New report: 60% of OpenAI model's responses contain plagiarism
A new report from plagiarism detector Copyleaks found that 60% of OpenAI's GPT-3.5 outputs contained some form of plagiarism.
Why it matters: Content creators from authors and songwriters to The New York Times are arguing in court that generative AI trained on copyrighted material ends up spitting out exact copies.
- Copyleaks is an AI-based text analysis company that began selling plagiarism-detection tools to businesses and schools long before ChatGPT's arrival.
- GPT-3.5 was the model powering ChatGPT when it debuted, but OpenAI has moved on to the bigger and more capable GPT-4.0.
Between the lines: Plagiarism takes many forms beyond simple cutting and pasting full sentences and paragraphs.
- Copyleaks attempts to turn detecting plagiarism from "I know it when I see it" into an exact science.
- The company uses a proprietary scoring method that aggregates the rate of identical text, minor changes, paraphrased text, and other factors and then assigns content a "similarity score."
- Per the report, for GPT-3.5, "45.7% of all outputs contained identical text, 27.4% contained minor changes, and 46.5% had paraphrased text."
- "A score of 0% signifies that all of the content is original, whereas a score of 100% means that none of the content is original," per the report.
Zoom in: Copyleaks asked GPT-3.5 for around a thousand outputs, each around 400 words, across 26 subjects.
- The individual GPT-3.5 output with the highest similarity score was in computer science (100%), followed by physics (92%), and psychology (88%).
- The lowest similarity scores appeared in theater (0.9%), humanities (2.8%) and English language (5.4%).
Yes, but: "Our models were designed and trained to learn concepts in order to help them solve new problems," OpenAI spokesperson Lindsey Held wrote in a statement to Axios. "We have measures in place to limit inadvertent memorization, and our terms of use prohibit the intentional use of our models to regurgitate content."

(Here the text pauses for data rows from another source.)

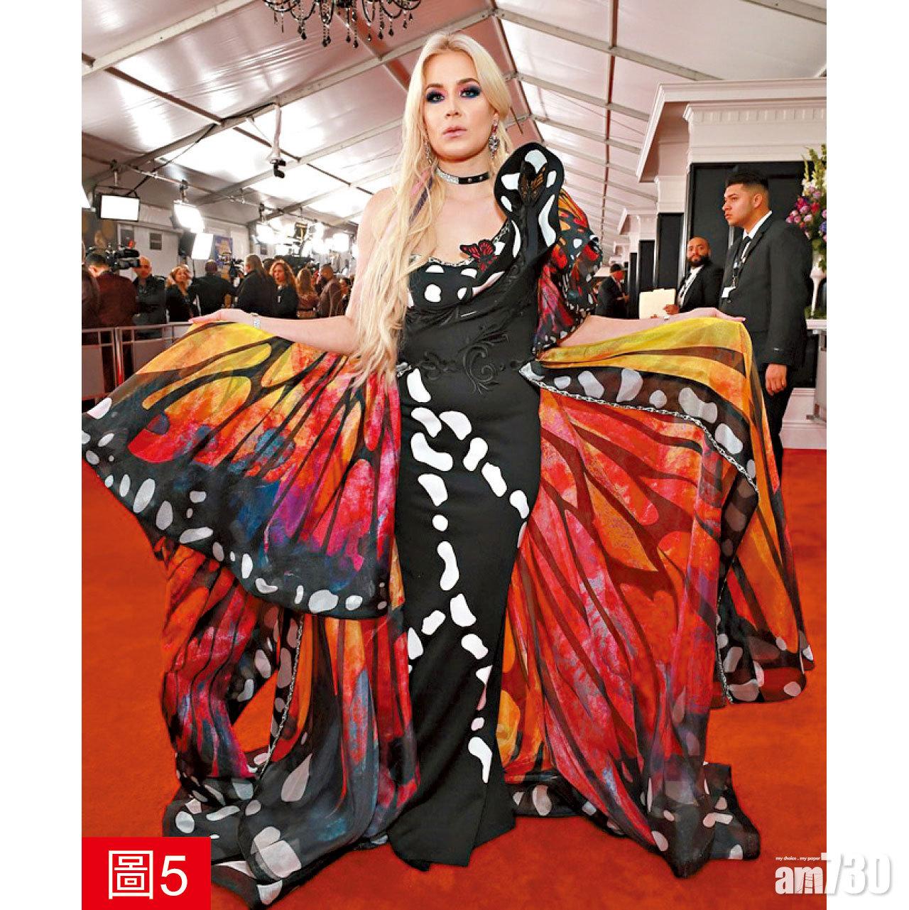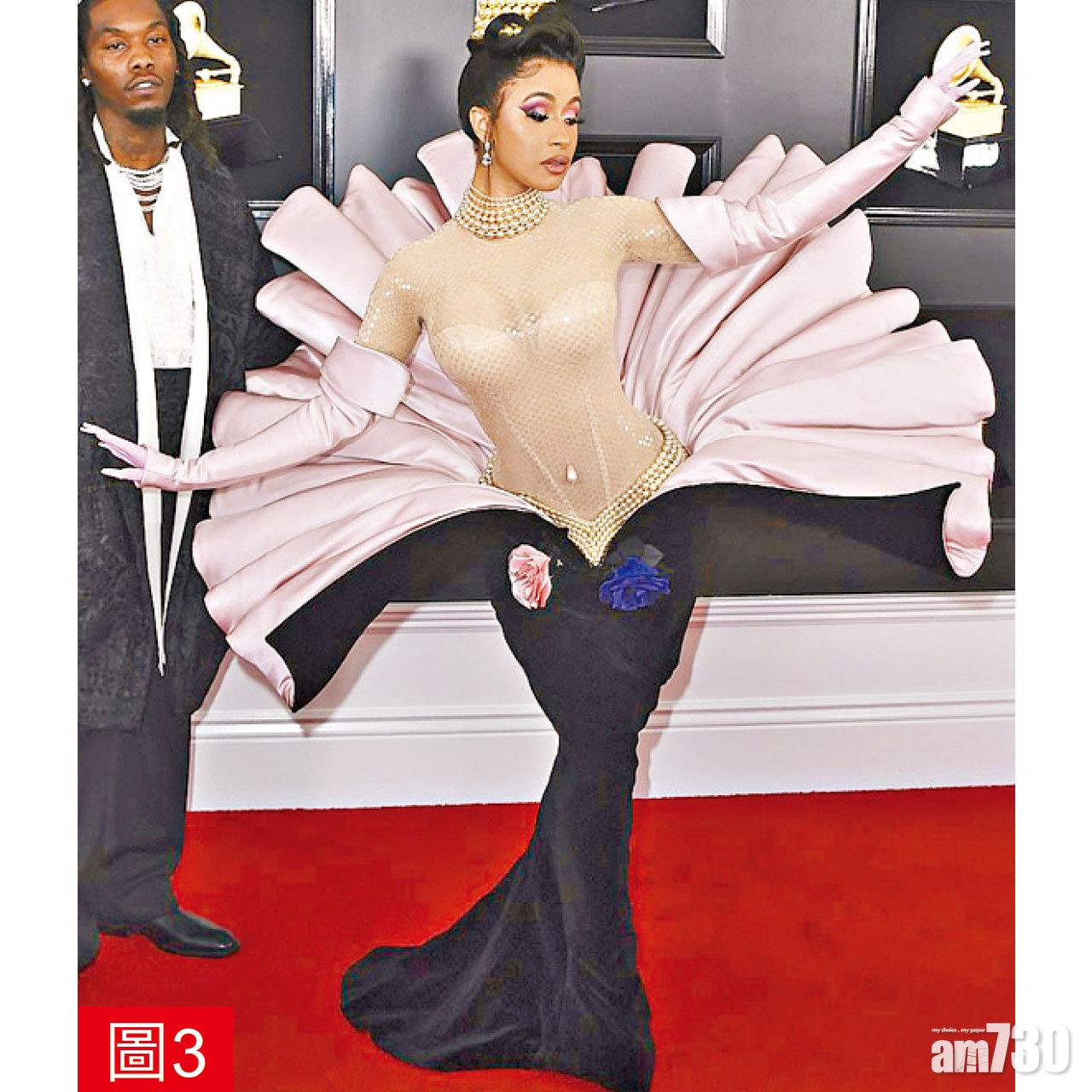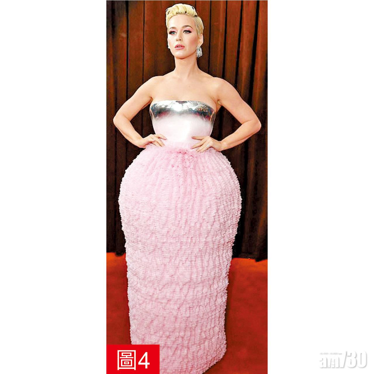 銀光閃爍的荷葉邊Celine晚裝,為Lady Gaga贏得一片掌聲(圖1)。反觀珍妮花洛庇絲的Ralph & Russo寶石裙(圖2),則慘遭滑鐵盧,被評為醜衣之首。需要5人扶助進場的Cardi B(圖3),蚌精似的卡通裝令她行動不便兼打入醜衣榜。Katy Perry的粉紅棉花糖晚裝(圖4)雖無過犯,卻被指只宜參加迪士尼茶會,出席盛典則嫌小家子氣。歌手Saint Heart蛻變拍翼彩蝶(圖5),俗氣爆錶,上榜實至名歸。化妝紅人Kylie Jenner乘興而來(圖6),卻因這套五花大綁連衣褲被彈到體無完膚,谷氣而回。
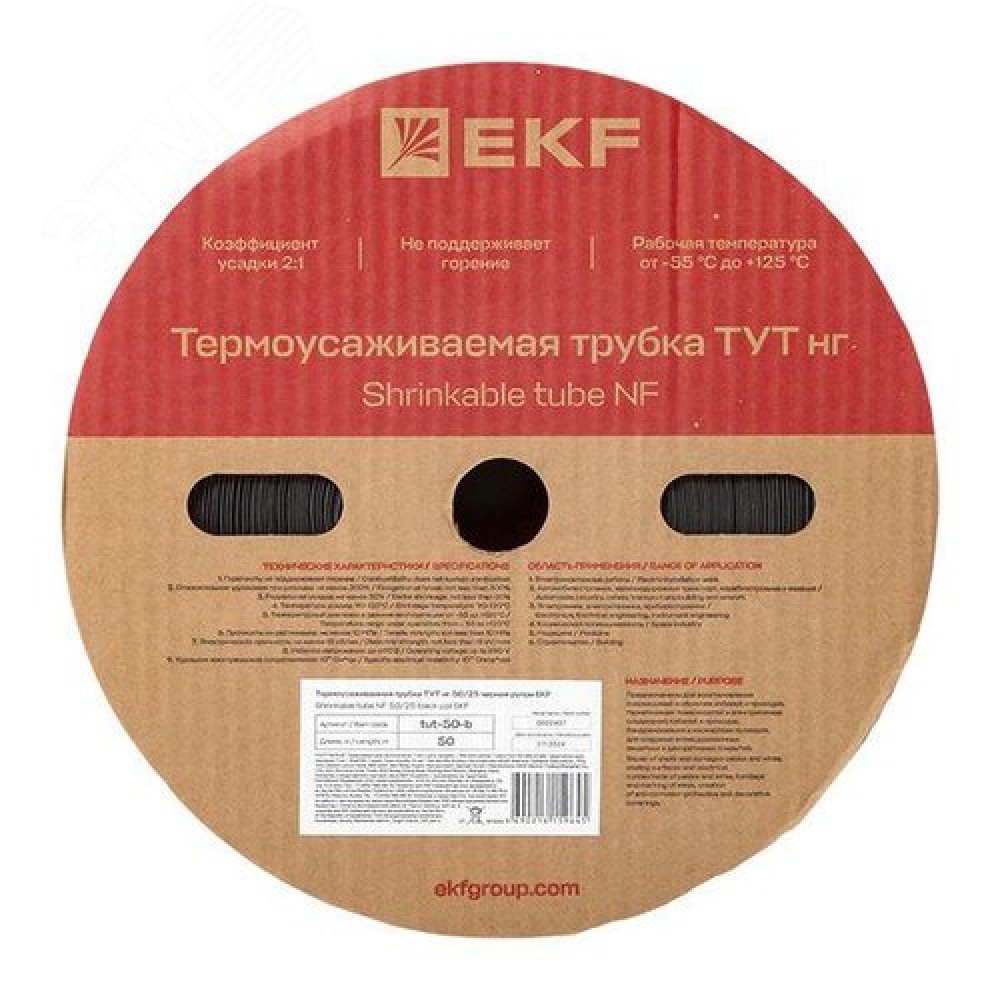 Технические характеристики Трубка термоусаживаемая ТУТ нг 50/25 черная рулон PROxima
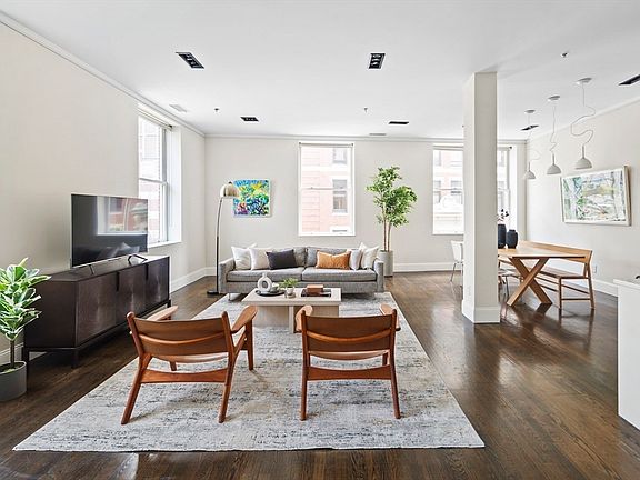 SHOWINGS BY APPOINTMENT—PLEASE REACH OUT! Wonderful loft-style home in a boutique South End building, with garage parking and elevator! This elegant corner unit has soaring ceilings, rich wood floors, and oversized windows that surround the central living area with natural light. The open floor plan is versatile and expansive, with ample room for living, dining, and working from home. Attractive cabinetry and countertops bring the kitchen to life, and the breakfast bar provides flexibility for dining and entertaining. Retreat to the serene primary bedroom where a huge walk-in closet affords you the opportunity to add a second full bathroom. The second bedroom or study has stylish sliding barn doors. Full bathroom with stackable washer/dryer and large linen closet. This professionally managed building is pet-friendly and boasts eight out of nine owner occupancy. Easy access to Tremont St with its great restaurants, SoWa Market, Whole Foods, and public transportation.
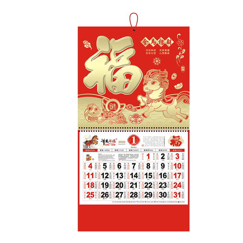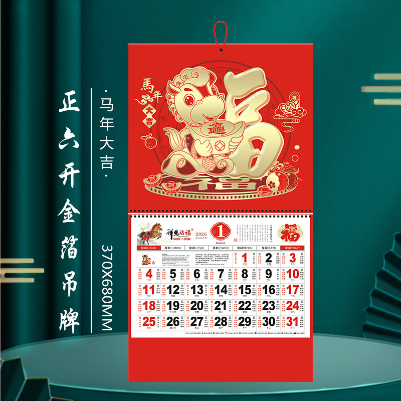 2026年日历马年广告福字挂历定购手撕金箔月历吊牌批发厂家直供
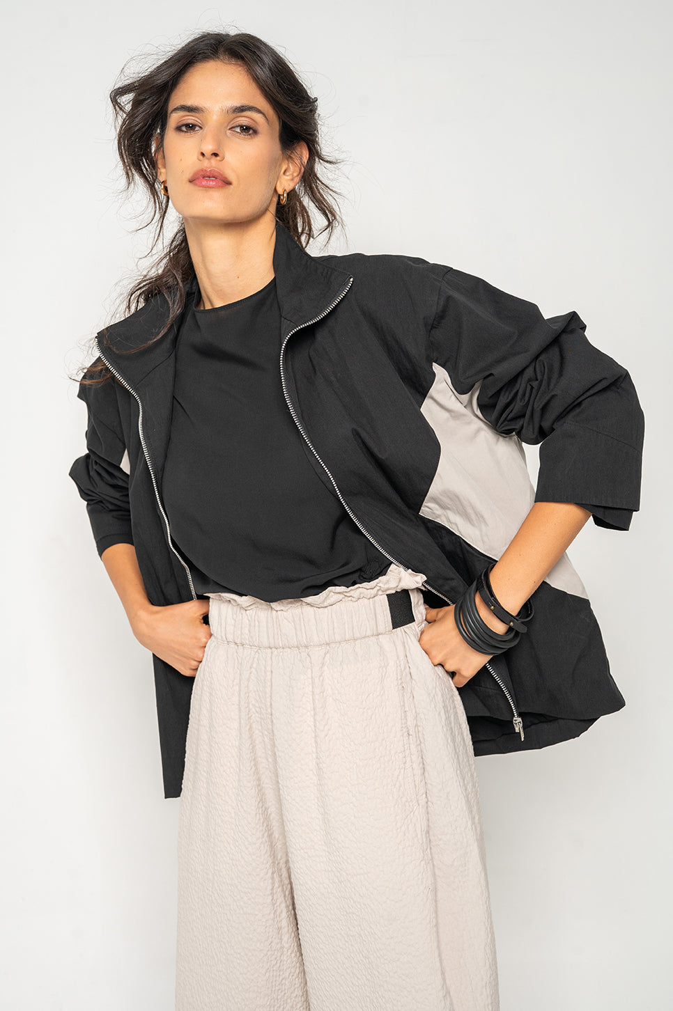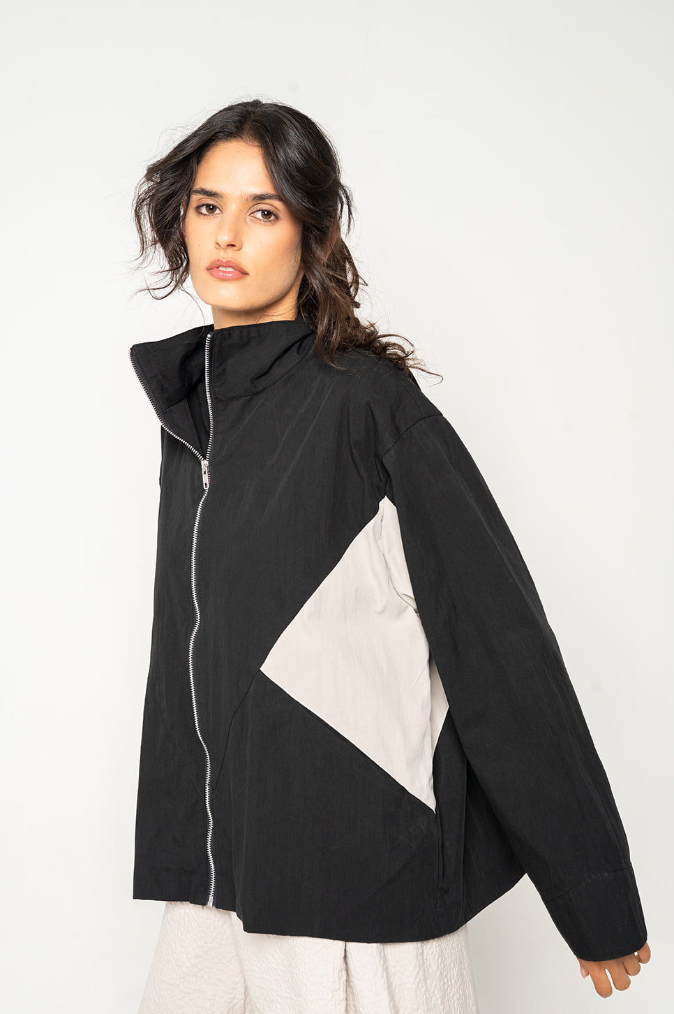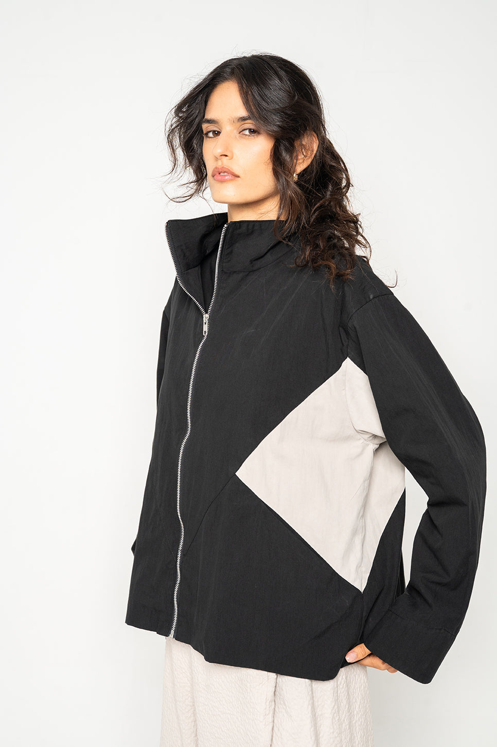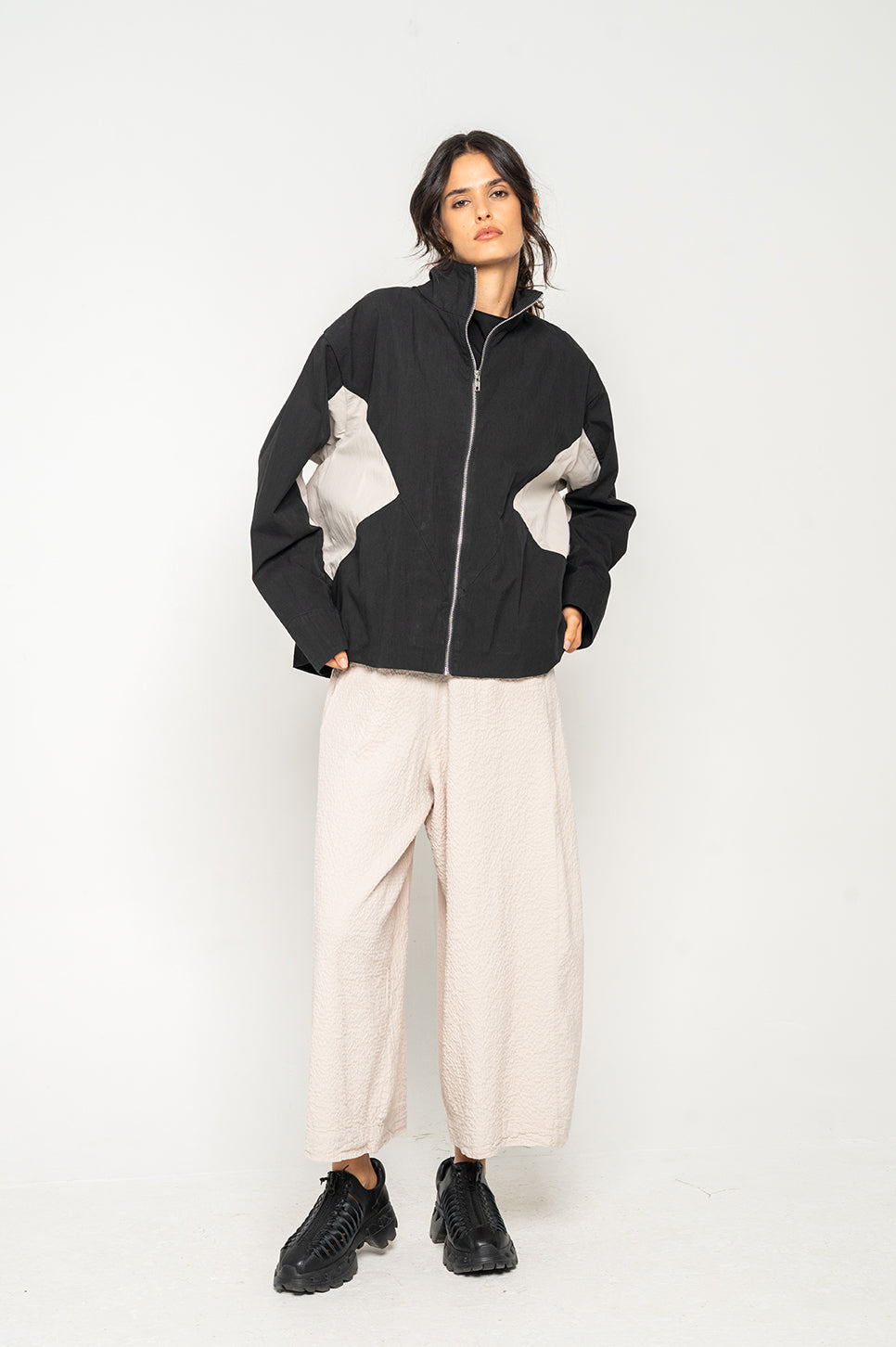 ג'קט קצר בגזרה ישרה עם חיתוכים גרפיים ולוק יוניסקס.

The intrigue: The New York Times lawsuit against Microsoft and OpenAI claims that their AI systems' "widescale copying" constitutes copyright infringement.
- OpenAI responded to the lawsuit arguing that "regurgitation" is a "rare bug" and also accusing The New York Times of "manipulating prompts."
Editor's note: This story has been updated with comment from OpenAI.